By Hamlin, Lise; Hearing Loss Magazine, Vol. 30, No. 2, pp. 36-37
Publication Date: March/April 2009

Article discusses problems with the quality of closed captioning on television. Captioning is defined as word-for-word text of the audio portion of a video or film shown directly on the screen, usually at the bottom. As of January 1, 2006 the Federal Communications Commission (FCC) required almost all new English-language programming to be captioned. The article discusses common problems with the quality of television captions, including text that is garbled or lags behind the audio, overlapping displays, and captions that bounce around or fill the screen, problems that have increased with the introduction of digital television.
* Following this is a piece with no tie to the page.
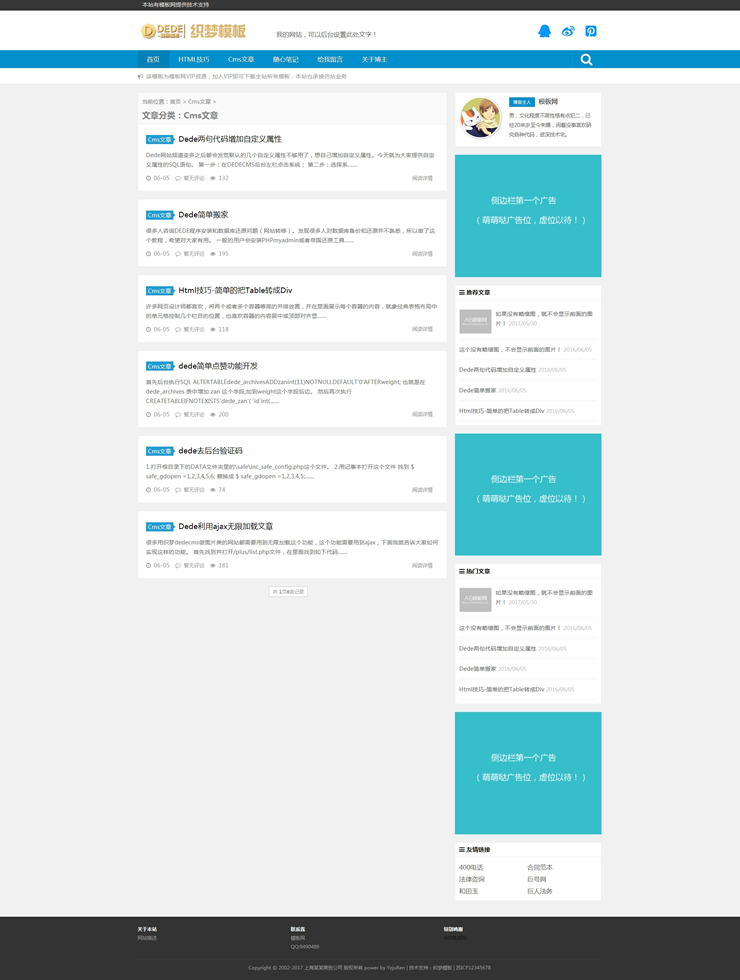 蓝色科技资讯博客类网站织梦模板(带置顶文章功-DeDecms(织梦)模板

Sources of the quality problems identified include (1) FiOS, cable, and satellite installers, who may not know how to turn on the captions; (2) manufacturers and service providers, who often fail to include written instructions on how to make the connections work; and (3) broadcasters, who may send out a signal without a decodable caption. Advice to consumers encountering caption problems includes contacting local broadcasters and the FiOS, satellite, or cable company by phone or e-mail when bad captions occur, writing the caption companies and their advertisers, and, if there is no solution, writing the FCC (http://www.fcc.gov/cgb/dro/tips_on_filing_cc_complaint.html/) about the problem.
Published by: Hearing Loss Association of America (formerly Self Help for Hard of Hearing People)   (Website:http://www.hearingloss.org)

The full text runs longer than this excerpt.